9.        No Man’s Land

Una trama di chitarre si traina dietro un quasi mid tempo dove alla voce di Johnson è affidato il compito di dettare tempi e aperture, grazie anche alle linee melodiche più distese e definite rispetto alla media dell'album: dal punto di vista strumentale, colpisce il crescendo, che interessa il brano per tutta la sua durata. Young, più che arroventare le corde della sua SG con solo o riff, gioca in questa canzone un ruolo più defilato ma non per questo meno importante, dando prova di possedere una visione d'insieme e una sensibilità per gli equilibri interni della composizione sicuramente ereditata dal compianto fratello Malcolm.

10.     Systems Down

Una specie di colonna sonora per la fine del mondo, dove Young si riappropria del suo ruolo tradizionale macinando riff principale e assolo e dove Johnson molla il freno alla voce riempiendo gli spazi - con l'aiuto dei cori - nel ritornello. L'incipit perentorio non tragga in inganno: "Systems Down", dal punto di vista melodico, ha molte più carte da giocare di quante non ne dichiari.

11.     Money Shot

"Doctor, what's the antidote? / Lady, try the money shot / Best taken when hot" ("Dottore, qual è l'antidoto? / Signora, provi con il money shot / meglio se preso caldo"): detto che il tema non è il Covid, e rimandandovi a Wikipedia per il significato dell'espressione "money shot", prendiamo per buono quanto dichiarato da Angus Young a Rolling Stone USA ("I fotografi ci dicevano: 'Fai questo, fai quello' ed 'Ecco, questo è il 'money shot' ['shot', in inglese, può significare anche 'inquadratura']. L’ho raccontato a Brendan [O'Brien, il produttore] mentre lavoravamo al pezzo.

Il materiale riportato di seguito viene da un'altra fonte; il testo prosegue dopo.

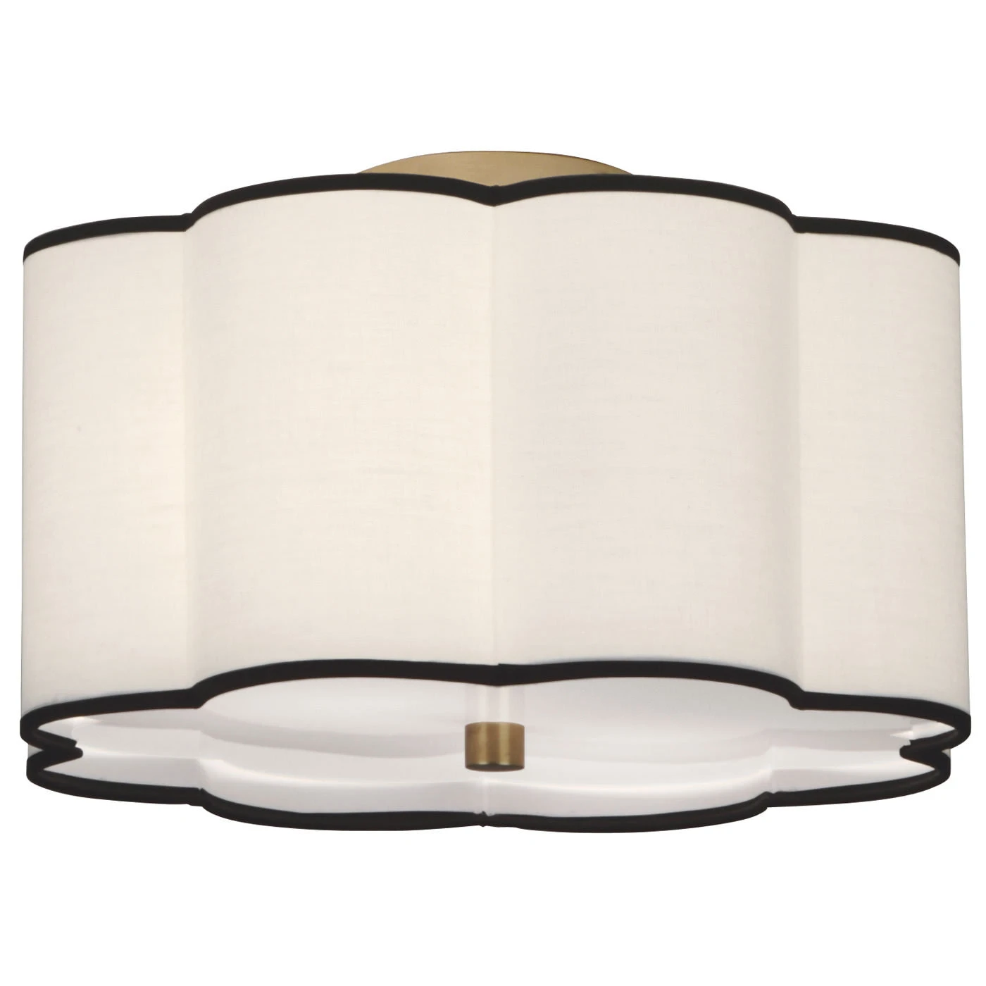 Our Axis Flush Mount is a polished mix of finishes and textures. The scalloped shade with contrasting trim adds a preppy vibe, and the feminine lines give it a French ’40s feel. An acrylic diffuser halts harsh glare.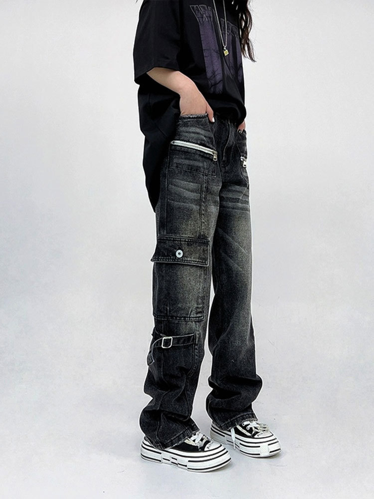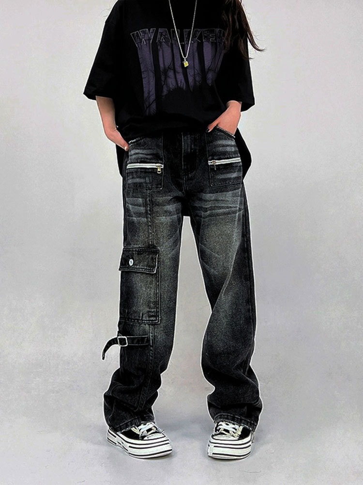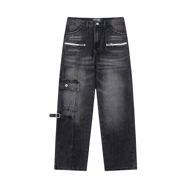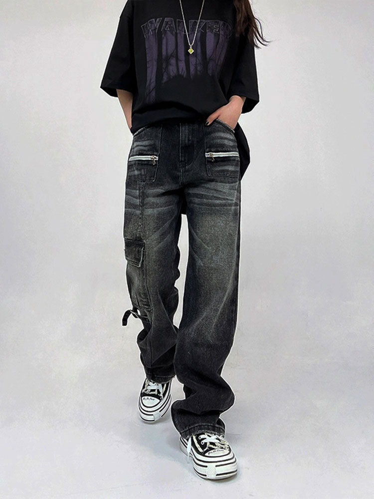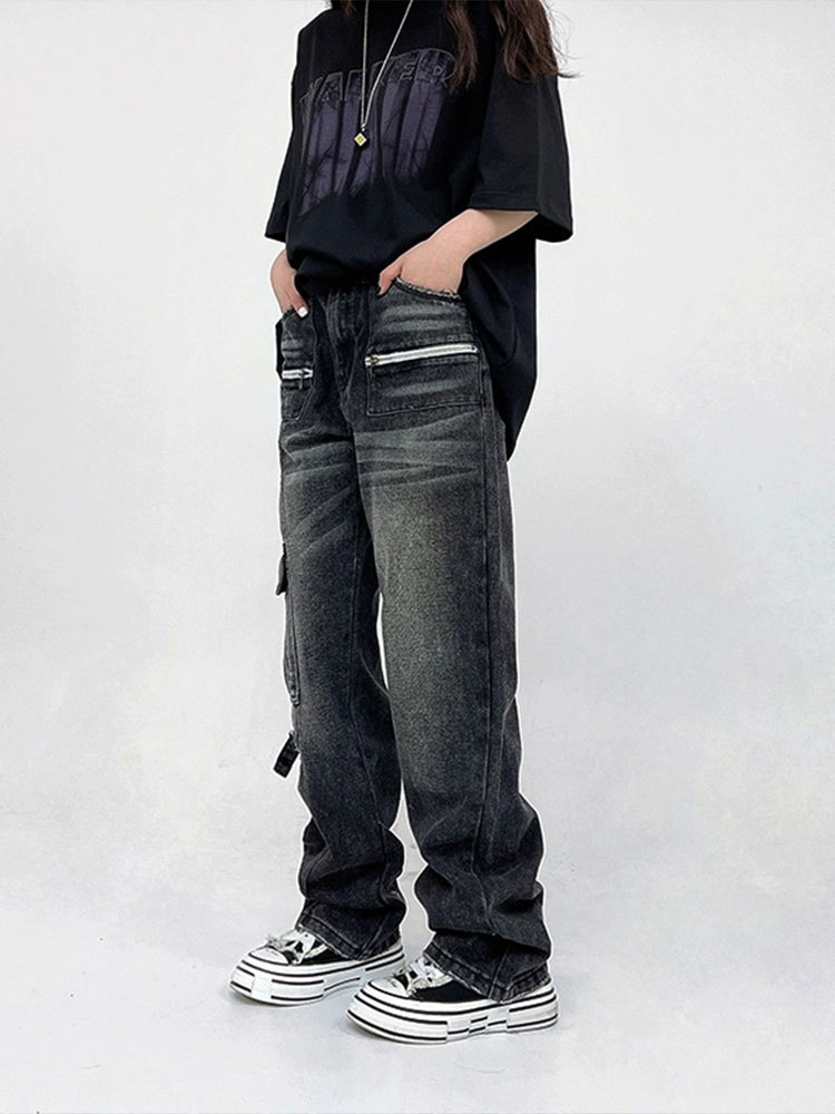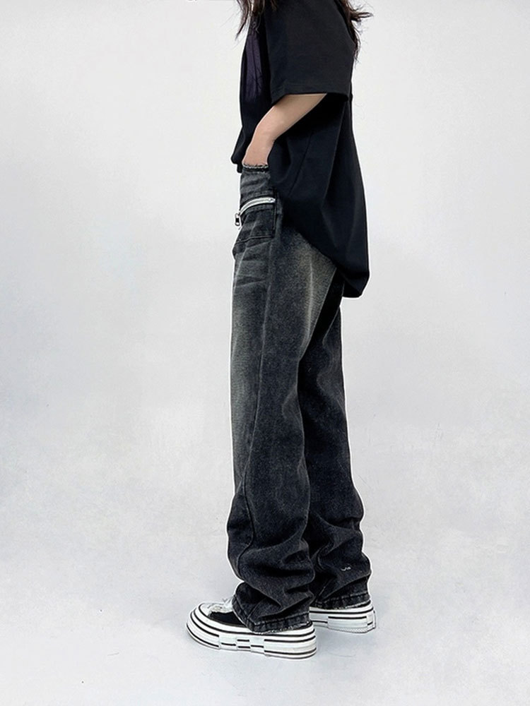2024 새로운 레트로 블랙 그레이 청바지 남성 가을 딥 와이드 레그 팬츠 스트레이트 루즈 캐주얼 롱 팬츠스토어 가기

E lui mi ha detto: 'Lo sanno tutti che cos’è il money shot'. E io: mmmh. E' stato un caso"), al quale ha negato ogni riferimento malizioso all'accezione più esplicita del termine. E' uno dei pezzi più marcatamente convenzionali del disco, con l'assolo di chitarra canonicamente piazzato poco dopo la metà del brano e il ritornello che chiama il singalong.

12.     Code Red

Il riff, nella intro, pare quasi una prosecuzione di quello che nel 1980 ha spedito nella leggenda "Back in Black": Johnson approccia la strofa con una metrica estremamente fitta, almeno per quelli che sono i suoi standard. Pur posto in chiusura, dal punto di vista strutturale "Code Red" è uno degli episodi più elaborati del disco, con frequenti cambi di passo e dinamiche molto ben calibrate e studiate negli arrangiamenti. Il botta e risposta tra Johnson e le seconde voci nel ritornello aggiunge ulteriore respiro senza intaccare la solidità del sound, che rimane - fino all'ultimo secondo, è il caso di dirlo - AC/DC al 101%.